## TASK PROMPT
Using the listing below, give again exactly the lines from the line with "اداره برگزارکننده استعلام: اداره" to the line with "Smith & Wesson, 25-2, CAL: 45", inclusive, without the pictures.

## DATA EXCERPTS
+--

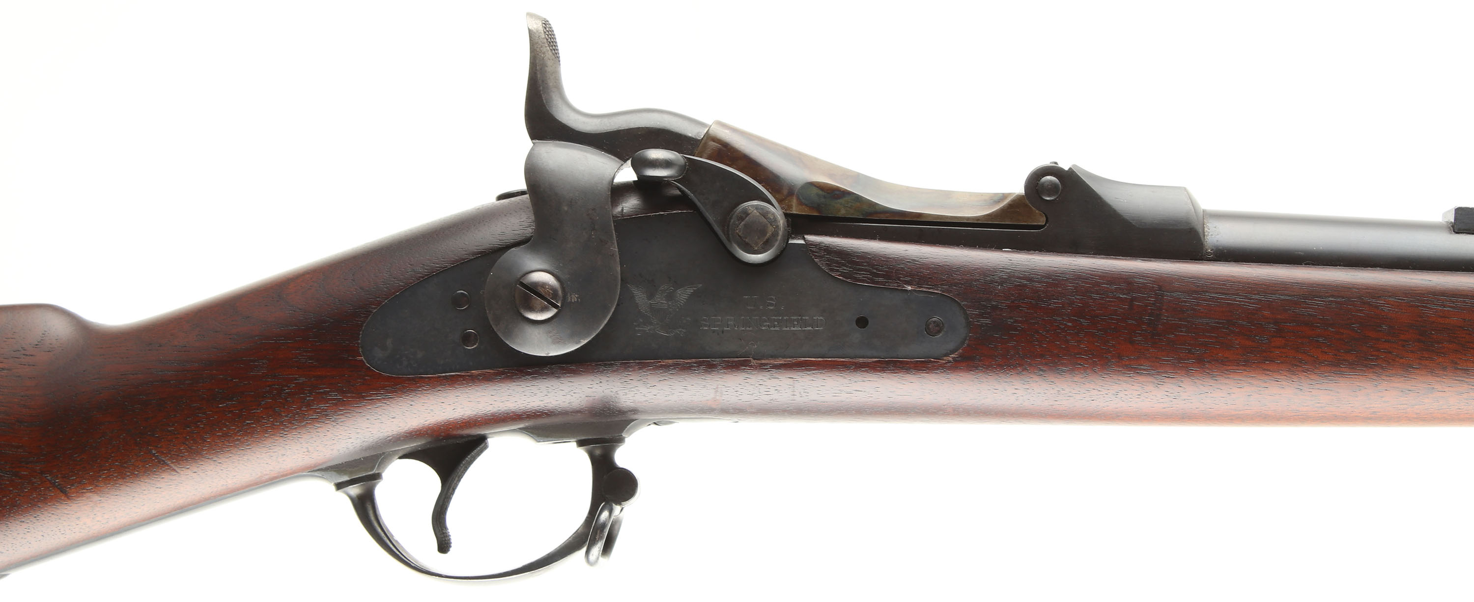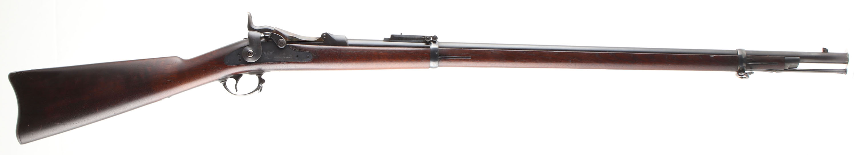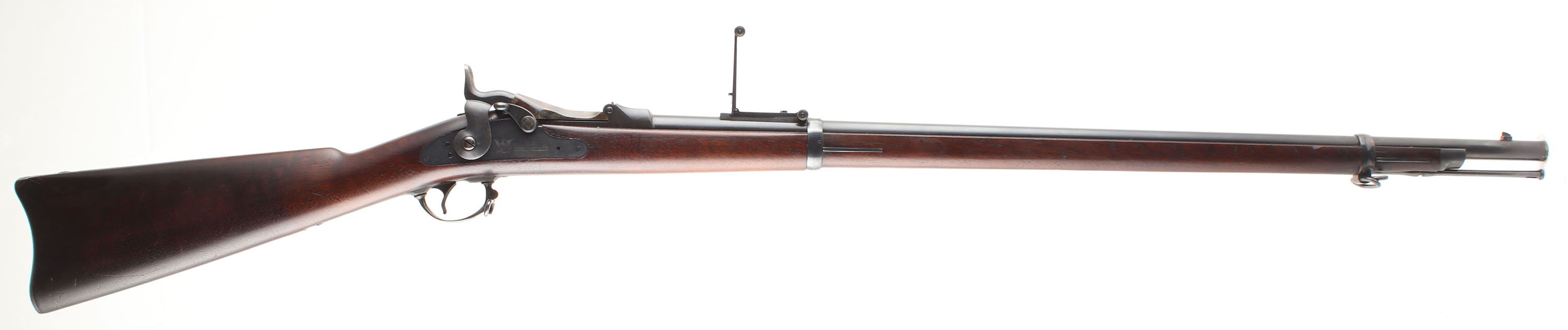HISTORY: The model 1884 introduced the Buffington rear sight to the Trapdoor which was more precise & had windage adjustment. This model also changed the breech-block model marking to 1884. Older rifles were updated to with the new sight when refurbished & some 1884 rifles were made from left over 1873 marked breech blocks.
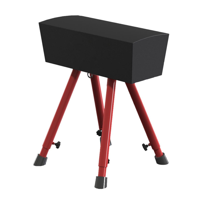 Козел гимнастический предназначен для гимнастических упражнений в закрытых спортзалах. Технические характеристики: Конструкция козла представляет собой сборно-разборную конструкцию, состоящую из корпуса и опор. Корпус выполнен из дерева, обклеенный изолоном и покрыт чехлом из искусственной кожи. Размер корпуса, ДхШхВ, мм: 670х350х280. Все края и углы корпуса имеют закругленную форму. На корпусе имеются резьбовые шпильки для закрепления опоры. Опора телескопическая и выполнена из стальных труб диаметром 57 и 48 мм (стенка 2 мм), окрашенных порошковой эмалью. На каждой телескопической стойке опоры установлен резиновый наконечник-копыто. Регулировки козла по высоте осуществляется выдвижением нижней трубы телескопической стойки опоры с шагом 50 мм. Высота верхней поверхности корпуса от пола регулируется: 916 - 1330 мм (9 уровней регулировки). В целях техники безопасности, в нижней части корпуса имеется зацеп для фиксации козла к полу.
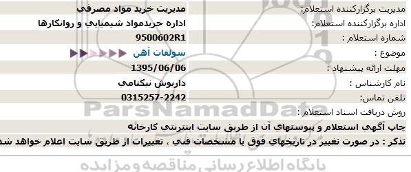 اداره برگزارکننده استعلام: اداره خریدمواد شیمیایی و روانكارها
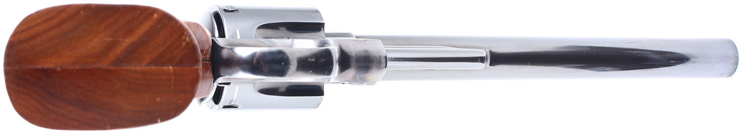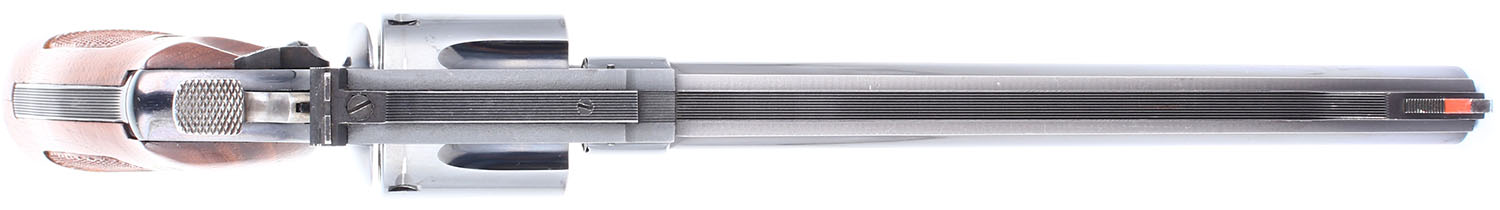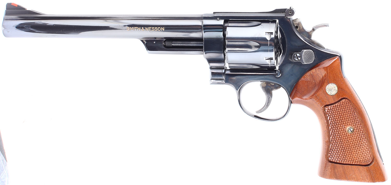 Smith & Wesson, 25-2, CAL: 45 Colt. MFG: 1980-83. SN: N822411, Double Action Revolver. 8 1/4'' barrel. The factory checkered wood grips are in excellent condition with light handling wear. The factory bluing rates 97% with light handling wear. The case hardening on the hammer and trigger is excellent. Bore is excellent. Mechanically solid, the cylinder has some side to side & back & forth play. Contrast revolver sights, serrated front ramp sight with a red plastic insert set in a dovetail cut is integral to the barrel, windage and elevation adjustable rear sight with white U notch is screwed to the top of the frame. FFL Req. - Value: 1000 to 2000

+--

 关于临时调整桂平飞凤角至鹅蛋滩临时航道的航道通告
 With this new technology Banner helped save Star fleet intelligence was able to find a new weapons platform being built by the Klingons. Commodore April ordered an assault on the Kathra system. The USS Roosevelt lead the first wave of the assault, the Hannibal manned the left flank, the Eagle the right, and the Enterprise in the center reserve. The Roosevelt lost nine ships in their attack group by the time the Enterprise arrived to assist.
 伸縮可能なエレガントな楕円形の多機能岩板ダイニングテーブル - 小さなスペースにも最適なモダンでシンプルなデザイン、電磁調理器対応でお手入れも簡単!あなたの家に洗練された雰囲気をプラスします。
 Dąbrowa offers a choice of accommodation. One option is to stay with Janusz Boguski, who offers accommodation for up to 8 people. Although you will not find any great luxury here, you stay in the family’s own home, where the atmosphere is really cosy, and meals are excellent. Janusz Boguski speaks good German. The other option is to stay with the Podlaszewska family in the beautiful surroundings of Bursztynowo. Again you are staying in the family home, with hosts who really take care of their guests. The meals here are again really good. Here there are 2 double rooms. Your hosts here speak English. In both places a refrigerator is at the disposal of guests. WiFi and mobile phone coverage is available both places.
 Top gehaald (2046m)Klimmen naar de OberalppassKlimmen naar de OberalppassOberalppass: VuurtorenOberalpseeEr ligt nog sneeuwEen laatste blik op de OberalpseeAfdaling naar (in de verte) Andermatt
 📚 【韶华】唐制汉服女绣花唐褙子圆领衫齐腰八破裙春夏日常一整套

+--

## RESPONSE TO THIS TASK
 اداره برگزارکننده استعلام: اداره خریدمواد شیمیایی و روانكارها
 Smith & Wesson, 25-2, CAL: 45 Colt. MFG: 1980-83. SN: N822411, Double Action Revolver. 8 1/4'' barrel. The factory checkered wood grips are in excellent condition with light handling wear. The factory bluing rates 97% with light handling wear. The case hardening on the hammer and trigger is excellent. Bore is excellent. Mechanically solid, the cylinder has some side to side & back & forth play. Contrast revolver sights, serrated front ramp sight with a red plastic insert set in a dovetail cut is integral to the barrel, windage and elevation adjustable rear sight with white U notch is screwed to the top of the frame. FFL Req. - Value: 1000 to 2000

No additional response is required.